11/13/2001

Disruptive Innovations and Teaching with Technology

John Rueter
Portland State University
rueterj@pdx.edu


INTRODUCTION

 
 

 

Technology has had a great impact on teaching and learning processes over the last several years. Remembering back only five years, it was rare to have faculty using email or web pages to support their courses. Over this short time we have seen faculty incorporate email, web pages and even entire web course management systems. These innovations started out as "additions" as faculty were cautiously testing the effectiveness of these new modes. Then we saw faculty substitute class time and traditional student work with electronically mediated communication.

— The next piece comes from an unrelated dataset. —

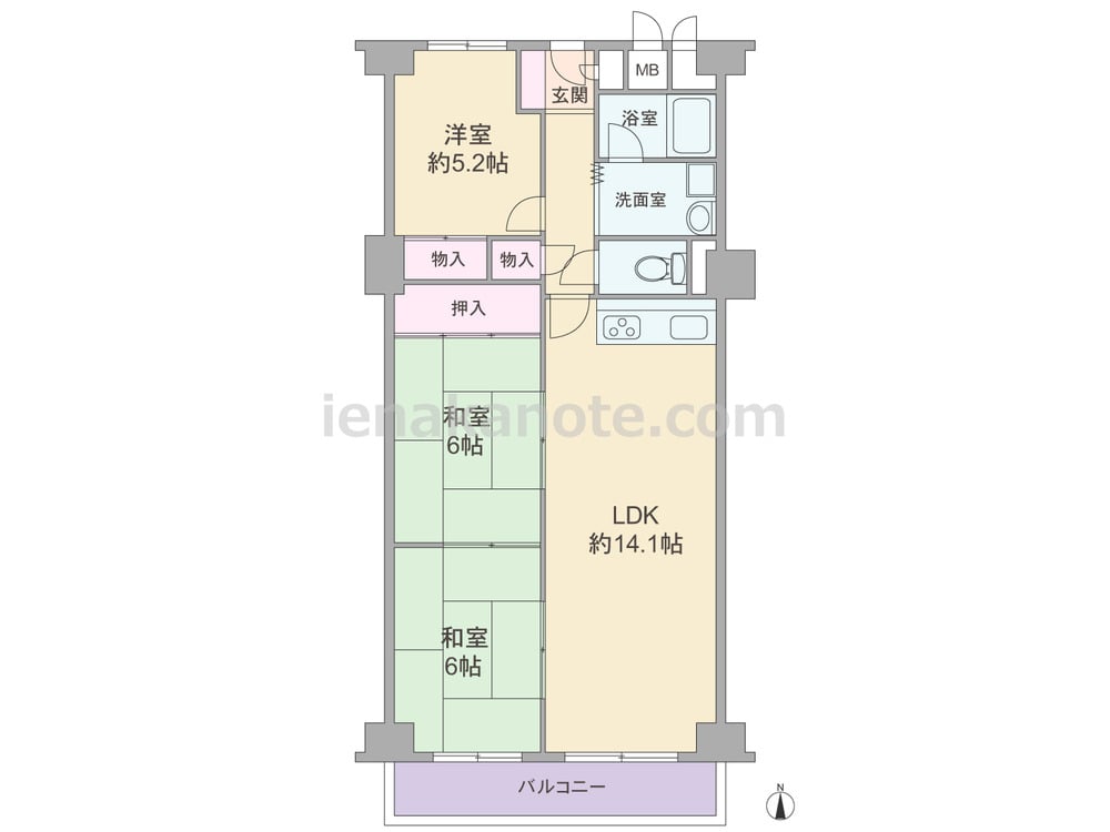 専有面積70.00平米の3LDK。LDK約14.1帖と和室2部屋は続き間になっており、襖を開放しリビングの延長としたり、それぞれ個室にするなどフレキシブルに使えるプラン。キッチンは壁付け・オープンタイプ。洋室約5.2帖はLDKから独立しており、間も廊下+収納で遮られているため、受験生の勉強部屋や書斎の利用によさそうです。

We saw the incorporation of email assignments, web page directed assignments and even assignments that the students had to do on the web. Each one of these changes was incremental and the faculty and students seemed to realize a positive change in teaching and learning.

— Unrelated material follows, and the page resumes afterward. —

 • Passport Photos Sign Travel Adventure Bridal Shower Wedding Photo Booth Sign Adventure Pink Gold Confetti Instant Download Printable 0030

Innovations can be classified as sustaining or disruptive (Christensen & Overdorf 2000). A sustaining innovation is an improvement in the technology that will help the mainstream user in a way that supports the current system. Disruptive innovations introduce a new procedure or service that is actually worse for the mainstream users. The incremental changes in teaching and learning described above are examples of sustaining innovations. In each case, the technology enabled the users (faculty) to realize some gain in faculty productivity, student accessibility or student learning. The problem with this path is that these incremental changes may bump into a ceiling and it may take a fundamentally different approach to break through this ceiling.

Figure 1. Incremental changes in technology may reach a ceiling with respect to the amount of return for the effort (faculty productivity). Disruptive changes in teaching technology may result in short term loss of productivity but may lead to greater long term productivity.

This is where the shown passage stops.